There are very few books that you will find to be more relevant for us today, for not only the dubious purpose of "knowing your enemy," but even more crucially for understanding who exactly this so-called "enemy" is. Please join me in welcoming our guest, a scholar who, in his study of the past, gives the present meaning. Thank you, Professor Amanat, for joining us today.

ABBAS AMANAT: Thank you so much. Let me start first by thanking the Carnegie Council and also particularly Ms. Joanne Myers for the occasion to talk about the subject of today, which is my book. Thank you very much for your very generous introduction. I hope I can live up to all the expectations for what has just been said.

Also, you made my job a little bit easier because you gave the audience a background about what the talk and the subject of this book is about. It is early in the morning, and I have to warm up a little bit.

Naturally, I have to start with the first question: why I have written this book. There are plenty of books on modern Iran. There are a lot of studies on the subject. Why was there a need for a book of that size? I emphasize that.

In order to answer that, there are many ways. One way is that historians teach us that in order to keep the attention of our students we sometimes start our courses, on whatever the topic is, in this case perhaps modern Iran, in reverse. Since many of the students are much more aware and interested in contemporary issues rather than the 16th century history of a nation thousands of miles away from their land of which they only have heard the name, and perhaps that was partly a persuasion, a kind of inspiration for me to produce this book.

One question that as a matter of fact my publisher first posed to me and asked me, "Write a book of 300 pages about why, at the end of the 20th century after seven decades or more of intense secularization, mostly sponsored by the state, there was what you can refer to as a 'theocratic' revolution, an Islamic revolution and a theocratic republic afterward?"

Indeed this is an important question given the fact that the repercussions of what happened in Iran in 1979, as many of you probably are already aware, is extensive and profound in the sense that this triggered the whole process in the Islamic word that unfortunately we see some very negative sides of it around us, this kind of what is referred to as "political Islam" in a kind of very polite language, but "radical" Islam, "extreme" Islam in some of the language of some of the advocates of what we see around us these days as Islamofascism and all that. In a sense, we cannot hold Iran responsible for it, but this was the first important instance in the history of the Middle East or the history of the Islamic world, as a matter of fact, whereby you could see that this revolution brought about a very substantial rethinking about a political process, about relations with the outside world, particularly with superpowers, and most significantly with the United States.

That being said, the roots of a process that seems to us rather sudden and unexpected was much deeper, at least historians would always like to tell you that that in order to understand the present you have to always look back. Most people who write about modern Iran usually tend to write from the turn of the 20th century with what is referred to as the "constitutional revolution" in Iran in 1905-1906, which was a very important event in the history of the country, perhaps the first popular revolution in the Middle East with the aim of creating a secular, liberal constitutional democratic regime.

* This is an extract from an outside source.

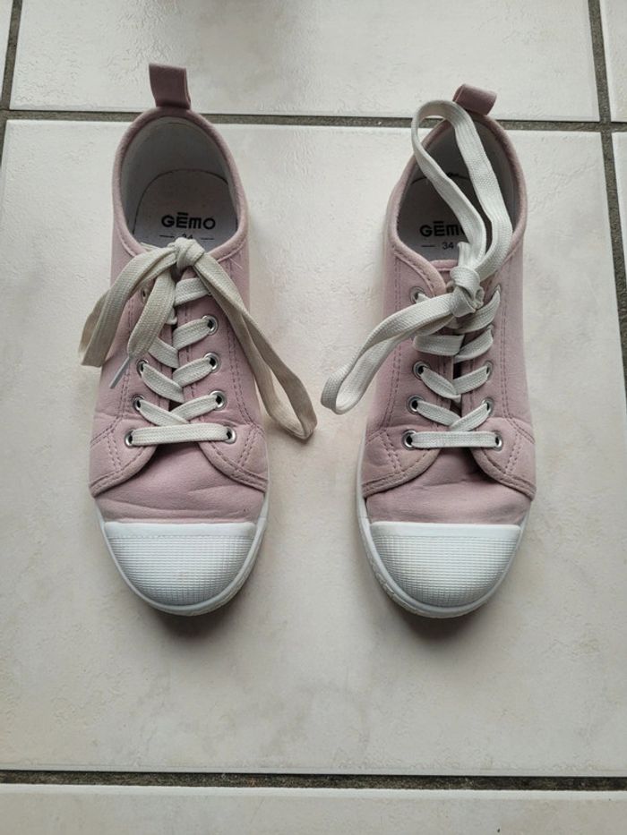 baskets en toile rose pointure 34 gemo lacets

I think to some extent it succeeded in its task and was very much the product of what you may call a "trajectory of modernity," partly what you may refer to as "domestic indigenous" form of modernity, part of it as a result of what has been adopted and incorporated from liberal ideas of Enlightenment in Europe and the United States at that time. As a matter of fact, there was awareness at the time of the American Revolution, so you see in the press of the time some reference to these events.

Now the question is, what happened that this process of democratization, creation of a parliament, division of powers, production of a very progressive at the time constitution, was the foundation for what Iran could have been for a period of time? However, this did not happen, part of it due to the fact that the revolution happened right at the time when the geostrategic situation in the region at the outset of the First World War made Iran, as it has always been since the 16th century, in the midst of world politics, in this case the imperial European politics between Russia and Britain.

Russia and Britain, since the early 19th century, were the two rivals in the North and South of Iran. And part of the fact that Iran managed to play in a very ingenious way a politics to be able to survive between these two powers was that they were rivals, so they could put one against the other, and that is the story of most of the history of Iran in the course of the 19th century and the early 20th century.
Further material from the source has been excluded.